Pictures are not part of the copy. Set down exactly the lines from the one containing "Apresentação dos alunos da educação infantil" through the last line of the material below.

§ Records to use

=== Section Start ===

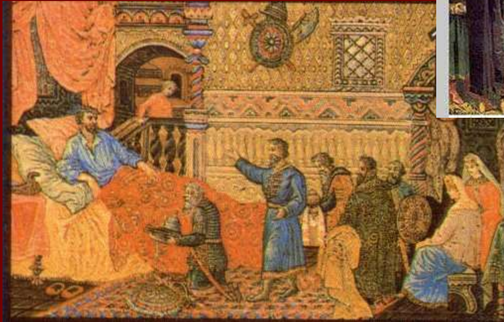
И.А.Фомичев. Призыв Минина к Пожарскому

По городам и весям понеслись грамоты от патриарха Гермогена с призывом к русскому народу постоять за православие и Отечество.
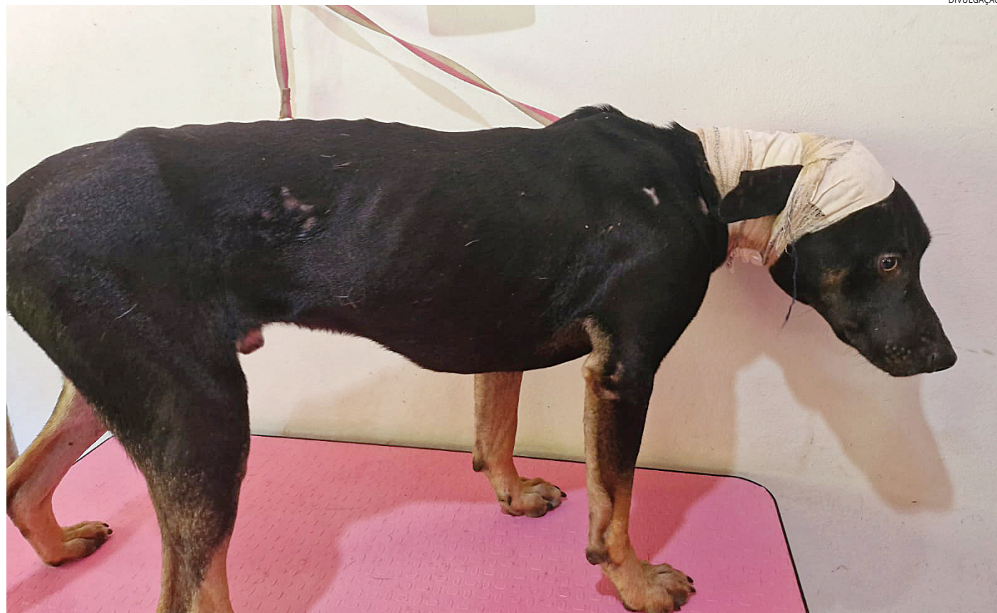
Há 15 anos, a ONG Amiga dos Animais resgata e cuida de cães; ajude com doações de ração
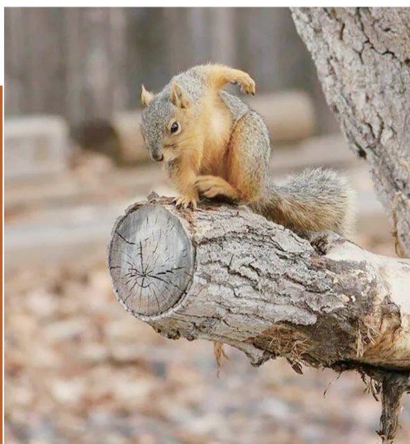
超级英雄般的姿势
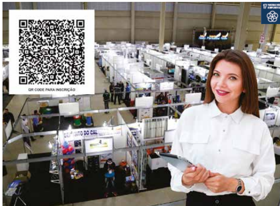
A feira acontecerá de 8 a 11 de maio, no Poupatempo

Com o intuito de promover o networking entre empresas da cidade e região, a Prefeitura de Santana de Parnaíba, por meio da Secretaria Municipal de Emprego, Desenvolvimento, Ciência, Tecnologia e Inovação (Semedes) está com inscrições abertas para empresas interessadas em participar da 5ª edição da Feira de Negócios e Empregos até o dia 30 de abril.
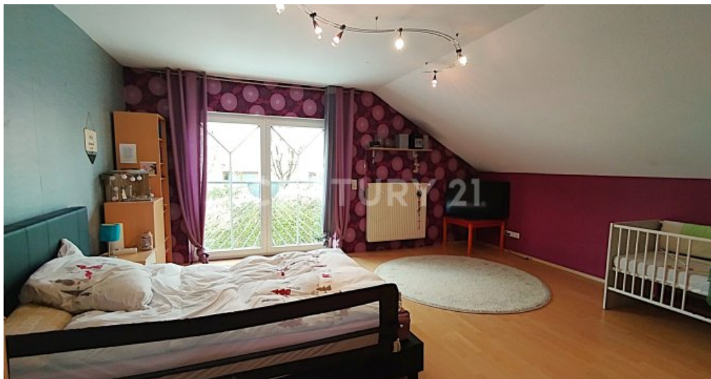
Das zweite Schlafzimmer im Obergeschoss in Richtung Garten
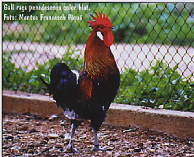
Gall raça penedesenca color blat.
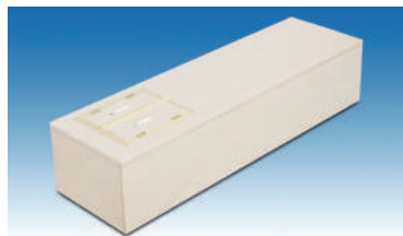
桐プリント棺 (内装・仏衣一式)
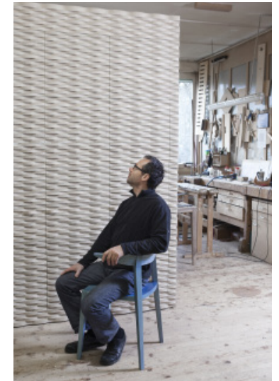
Stuhl toro und Eichen-Schrank ondulato mit integrierter Griffleiste. Links, Strickwand mit Schutzschicht-Rest. / Chaise toro et armoire en chêne ondulato avec prises intégrées. À gauche, paroi poutre sur poutre avec reste de couche protectrice.

Text Eva Holz / Form Forum Schweiz
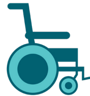
инвалидных колясок и ходунков
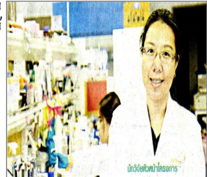
นักวิจัยพัฒนาโครงการ

ซึ่งจากการทดลองสกัดสารสำคัญ และวิเคราะห์ฤทธิ์ทางชีวภาพในลูกชืด ซึ่งพบว่าสารสกัดจากลูกชืดมีฤทธิ์ช่วยยับยั้ง
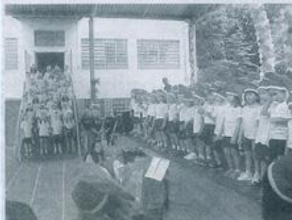
Apresentação dos alunos da educação infantil
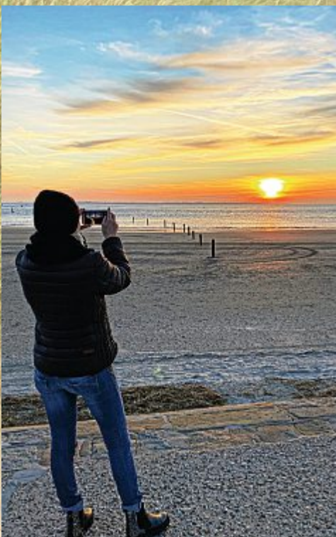
Sonnenuntergänge sind immer hoch im Kurs.
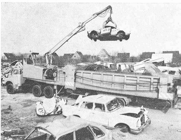
Le nouvel autocracker Krupp.
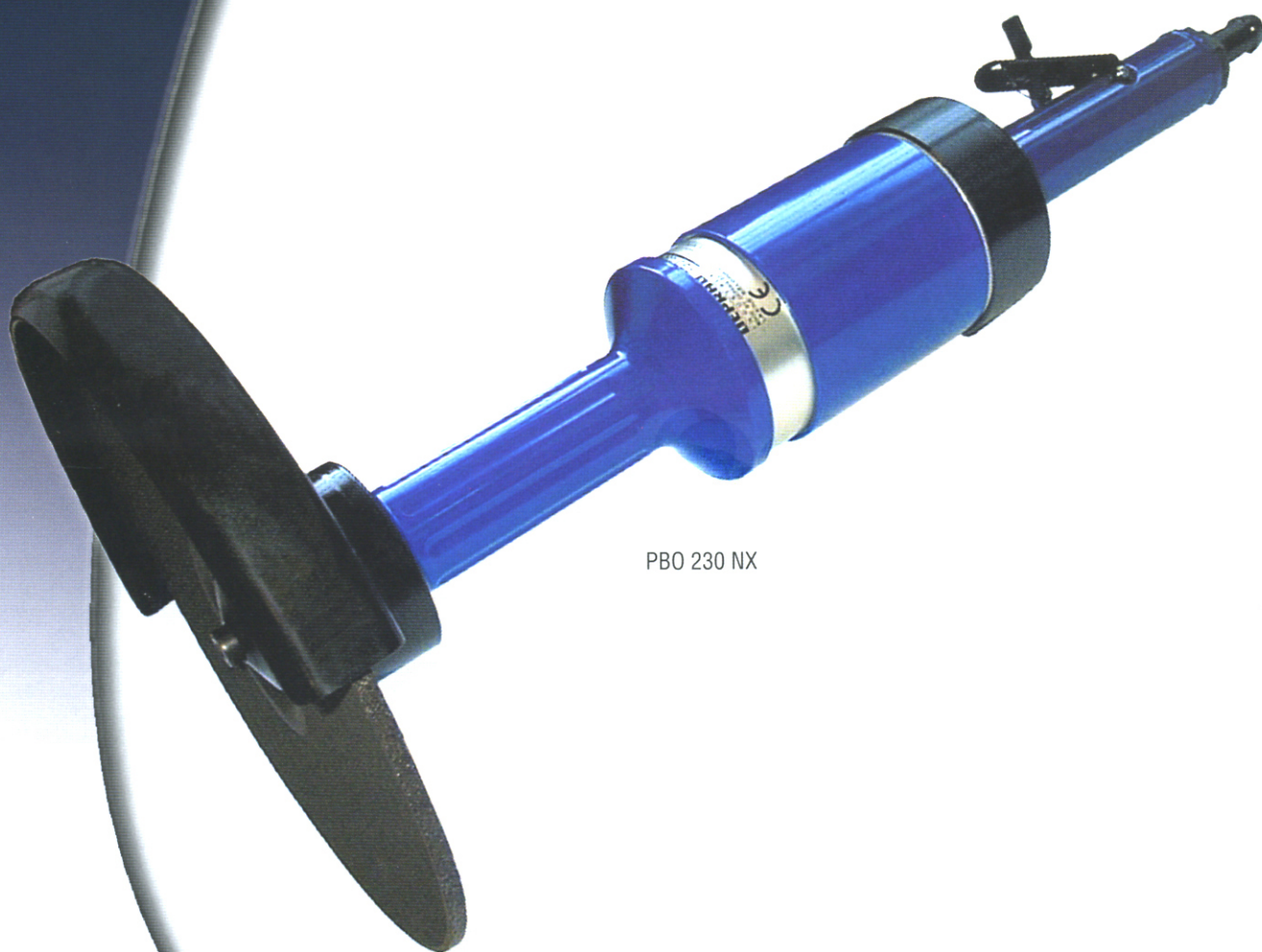
PBO 230 NX

=== Section End ===

§ Response
Apresentação dos alunos da educação infantil
Sonnenuntergänge sind immer hoch im Kurs.
Le nouvel autocracker Krupp.
PBO 230 NX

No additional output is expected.